Not sure exactly what you mean, but I fixed a bug that might be
something you're seeing.
--
Simon Riggs http://www.2ndQuadrant.com/
PostgreSQL Development, 24x7 Support, Training & Services
diff --git a/src/backend/access/transam/xlog.c b/src/backend/access/transam/xlog.c
index ce659ec..469e6d6 100644
--- a/src/backend/access/transam/xlog.c
+++ b/src/backend/access/transam/xlog.c
@@ -40,6 +40,7 @@
#include "pgstat.h"
#include "postmaster/bgwriter.h"
#include "postmaster/startup.h"
+#include "postmaster/walrestore.h"
#include "replication/walreceiver.h"
#include "replication/walsender.h"
#include "storage/bufmgr.h"
@@ -187,7 +188,6 @@ static bool InArchiveRecovery = false;
static bool restoredFromArchive = false;
/* options taken from recovery.conf for archive recovery */
-static char *recoveryRestoreCommand = NULL;
static char *recoveryEndCommand = NULL;
static char *archiveCleanupCommand = NULL;
static RecoveryTargetType recoveryTarget = RECOVERY_TARGET_UNSET;
@@ -575,8 +575,8 @@ bool reachedConsistency = false;
static bool InRedo = false;
-/* Have we launched bgwriter during recovery? */
-static bool bgwriterLaunched = false;
+/* Have we launched background procs during archive recovery yet? */
+static bool ArchRecoveryBgProcsActive = false;
/*
* Information logged when we detect a change in one of the parameters
@@ -632,8 +632,6 @@ static bool XLogPageRead(XLogRecPtr *RecPtr, int emode, bool fetching_ckpt,
bool randAccess);
static int emode_for_corrupt_record(int emode, XLogRecPtr RecPtr);
static void XLogFileClose(void);
-static bool RestoreArchivedFile(char *path, const char *xlogfname,
- const char *recovername, off_t expectedSize);
static void ExecuteRecoveryCommand(char *command, char *commandName,
bool failOnerror);
static void PreallocXlogFiles(XLogRecPtr endptr);
@@ -2706,19 +2704,47 @@ XLogFileRead(uint32 log, uint32 seg, int emode, TimeLineID tli,
XLogFileName(xlogfname, tli, log, seg);
+#define TMPRECOVERYXLOG "RECOVERYXLOG"
+
switch (source)
{
case XLOG_FROM_ARCHIVE:
+ /*
+ * Check to see if the WALRestore process has already put the
+ * next file in place while we were working.
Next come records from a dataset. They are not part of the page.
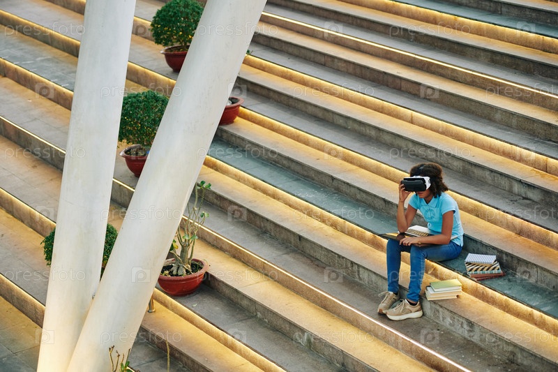 Студент с очками AR на открытом воздухе
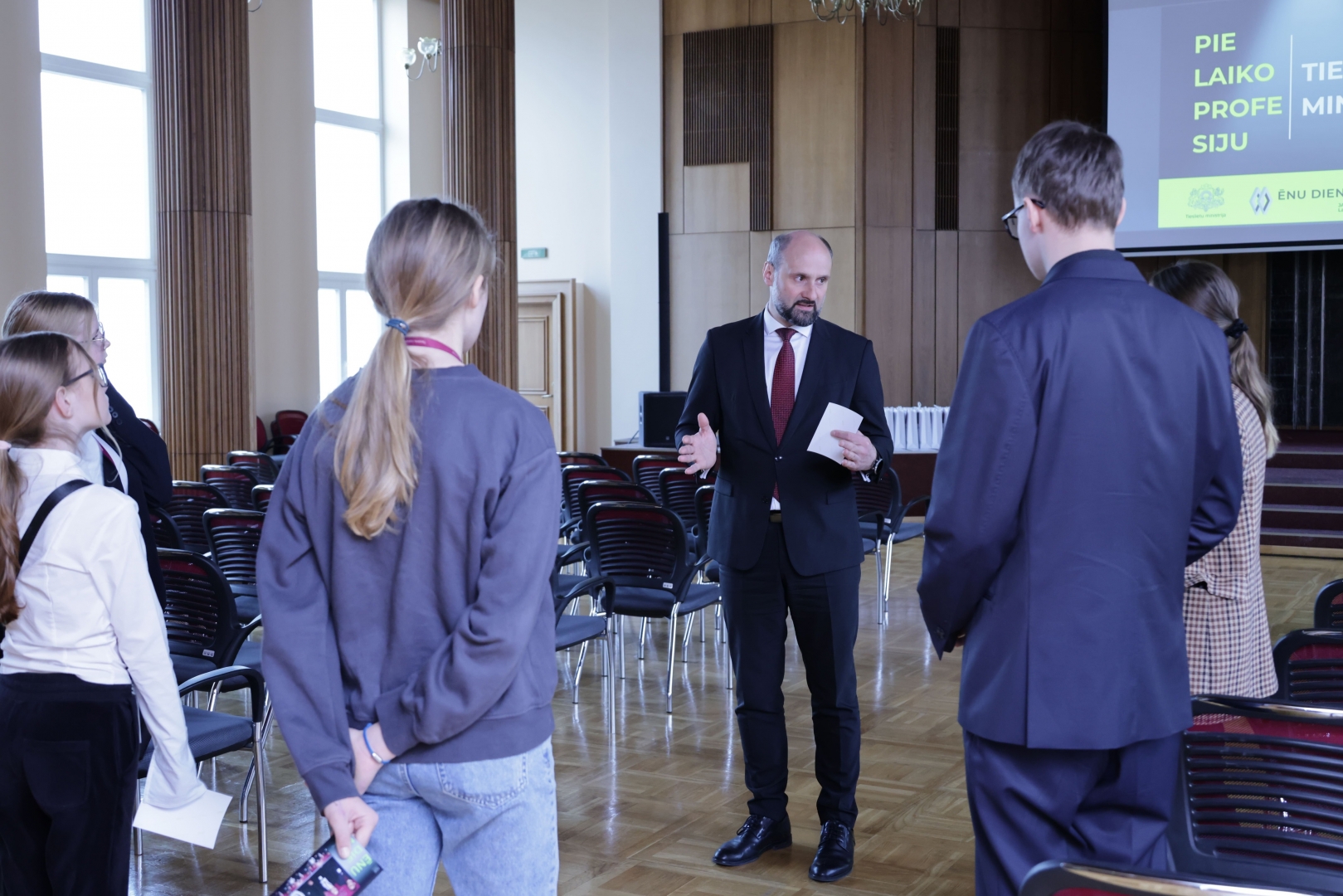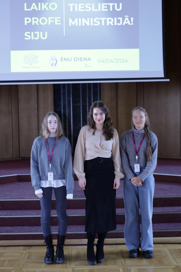 Ceturtdien, 4. aprīlī, “Ēnu dienā 2024” Tieslietu ministrijas pārstāvju gaitām sekoja vairāk nekā 60 skolēni no visas Latvijas. Skolēni iepazina tieslietu ministres Ineses Lībiņas-Egneres, Tieslietu ministrijas parlamentārās sekretāres Laumas Paegļkalnas, valsts sekretāra Mihaila Papsujeviča, tieslietu ministres biroja,  Starptautiskās sadarbības departamenta, Tiesu sistēmas uzraudzības departamenta, Eiropas Savienības Tiesas departamenta, Tiesu sistēmas politikas departamenta un Juridiskā departamenta pārstāvju amata pienākumus un viņu profesijas.
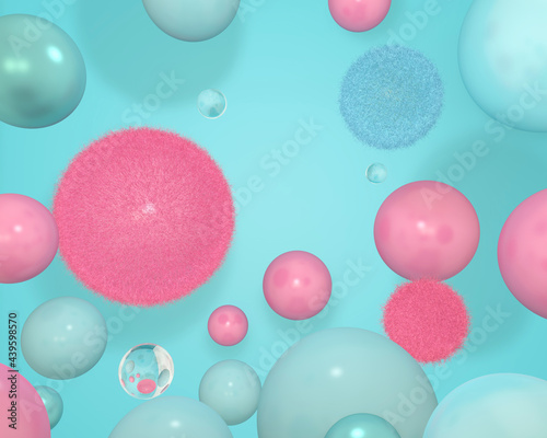 Colorful Bunch of Birthday 3D Balloons Flying for Party in room. 3D illustration, 3D rendering
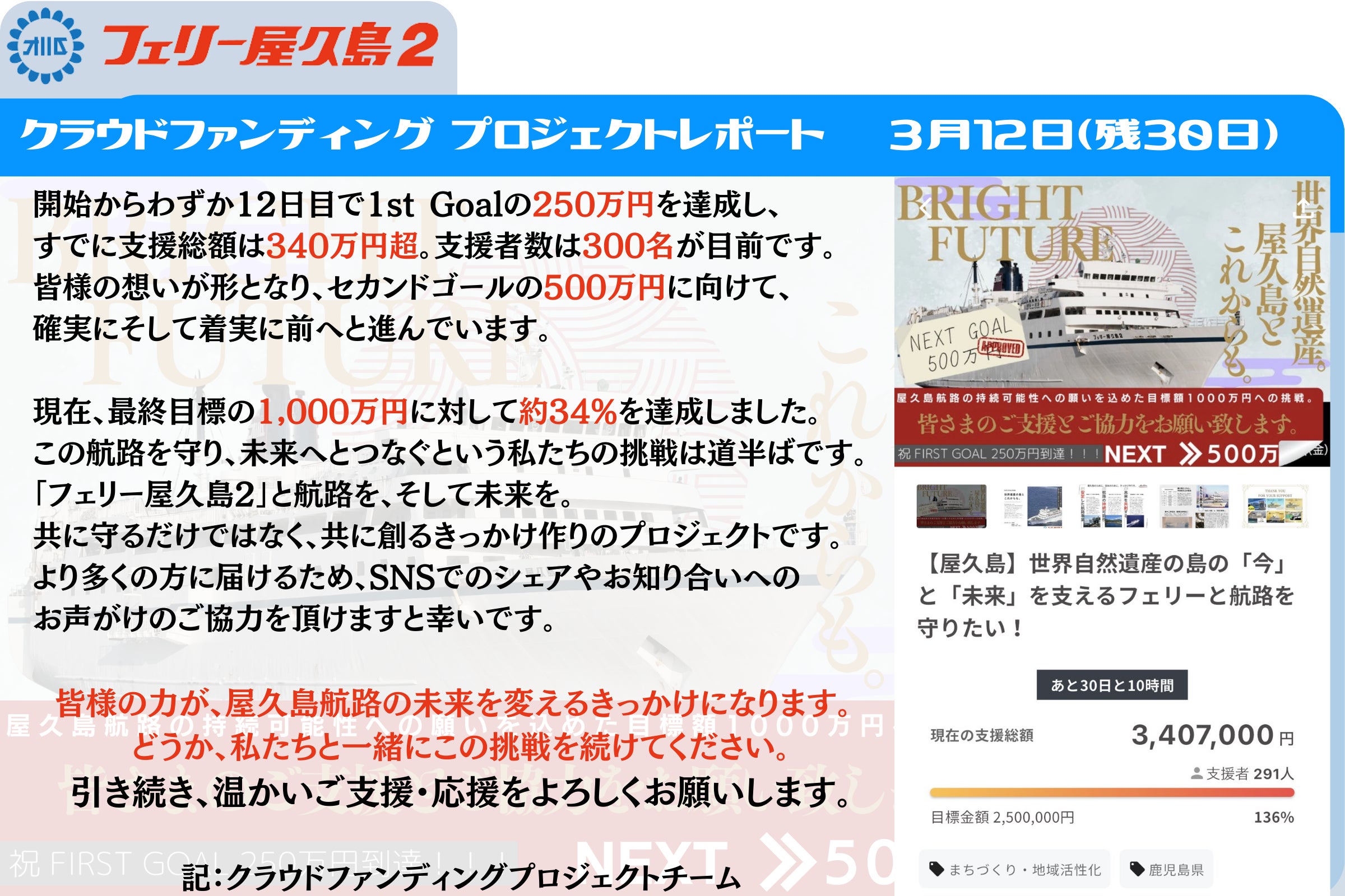 今後とも当プロジェクト、フェリー屋久島2の応援をよろしくお願いします。

If so, use that.
+ * If not, get it ourselves. This makes it easier to handle
+ * initial state before the WALRestore is active, and also
+ * handles the stop/start logic correctly when we have both
+ * streaming and file based replication active.
+ *
+ * We queue up the next task for WALRestore after we've begun to
+ * use this file later in XLogFileRead().
+ *
+ * If the WALRestore process is still active, the lock wait makes
+ * us wait, which is just like we were executing the command
+ * ourselves and so doesn't alter the logic elsewhere.
+ */
+ if (XLogFileIsNowFullyRestored(tli, log, seg))
+ {
+ snprintf(path, MAXPGPATH, XLOGDIR "/%s", TMPRECOVERYXLOG);
+ restoredFromArchive = true;
+ break;
+ }
+
/* Report recovery progress in PS display */
snprintf(activitymsg, sizeof(activitymsg), "waiting for %s",
xlogfname);
set_ps_display(activitymsg, false);
restoredFromArchive = RestoreArchivedFile(path, xlogfname,
- "RECOVERYXLOG",
+ TMPRECOVERYXLOG,
XLogSegSize);
+
if (!restoredFromArchive)
+ {
+ LWLockRelease(WALRestoreCommandLock);
return -1;
+ }
break;
case XLOG_FROM_PG_XLOG:
@@ -2748,18 +2774,42 @@ XLogFileRead(uint32 log, uint32 seg, int emode, TimeLineID tli,
if (stat(xlogfpath, &statbuf) == 0)
{
if (unlink(xlogfpath) != 0)
+ {
+ LWLockRelease(WALRestoreCommandLock);
ereport(FATAL,
(errcode_for_file_access(),
errmsg("could not remove file \"%s\": %m",
xlogfpath)));
+ }
reload = true;
}
if (rename(path, xlogfpath) < 0)
+ {
+ LWLockRelease(WALRestoreCommandLock);
ereport(ERROR,
(errcode_for_file_access(),
errmsg("could not rename file \"%s\" to \"%s\": %m",
path, xlogfpath)));
+ }
+
+ /*
+ * Make sure we recover from the new filename, so we can reuse the
+ * temporary filename for asynchronous restore actions.
+ */
+ strcpy(path, xlogfpath);
+
+ /*
+ * Tell the WALRestore process to get the next file now.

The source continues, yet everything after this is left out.